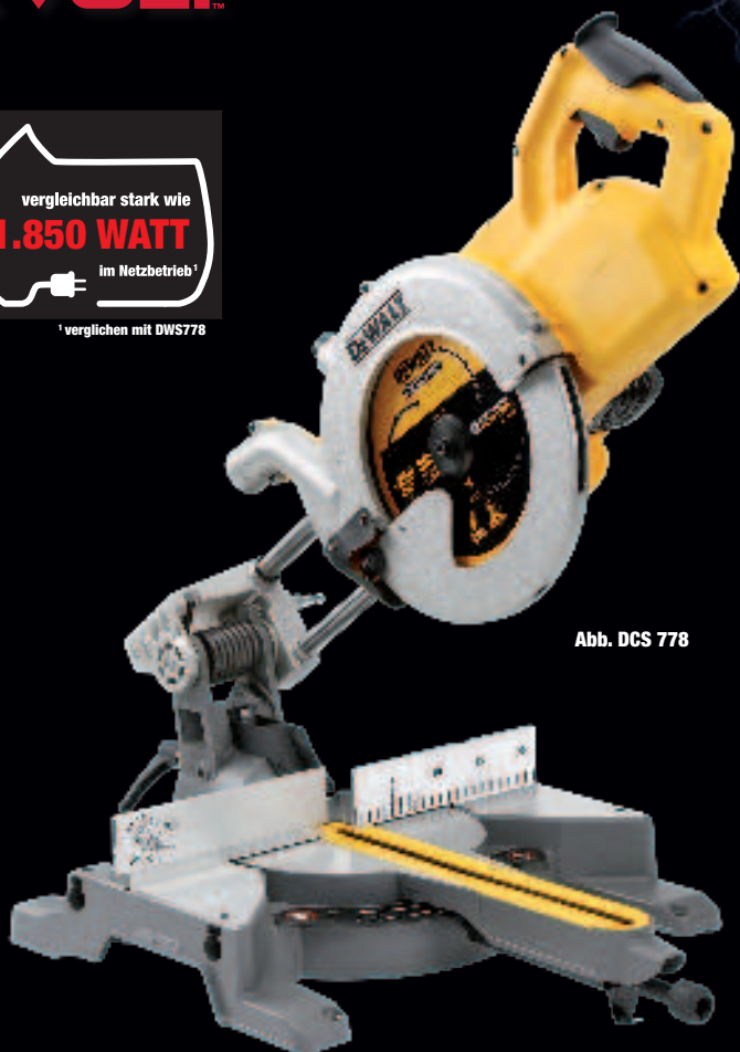
Abb. DCS 778

vergleichbar stark wie 1.850 WATT im Netzbetrieb 1 1 verglichen mit DWS778
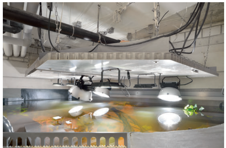
Die GFK-Roste mit den Beleuchtungen können motorisiert über verschiedene Seilzüge in der Höhe reguliert werden.
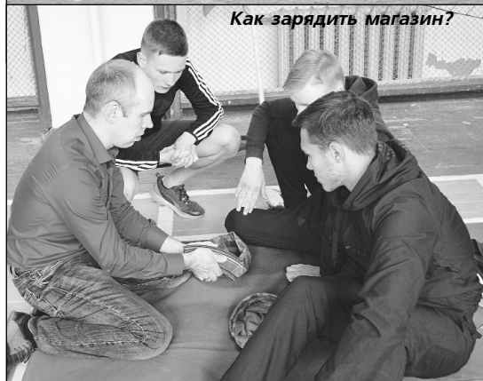
Как зарядить магазин?
- - - - - - -
Work to be completed: Repeat the listing above word for word, omitting the pictures.

Exercise output:
Abb. DCS 778

vergleichbar stark wie 1.850 WATT im Netzbetrieb 1 1 verglichen mit DWS778
Die GFK-Roste mit den Beleuchtungen können motorisiert über verschiedene Seilzüge in der Höhe reguliert werden.
Как зарядить магазин?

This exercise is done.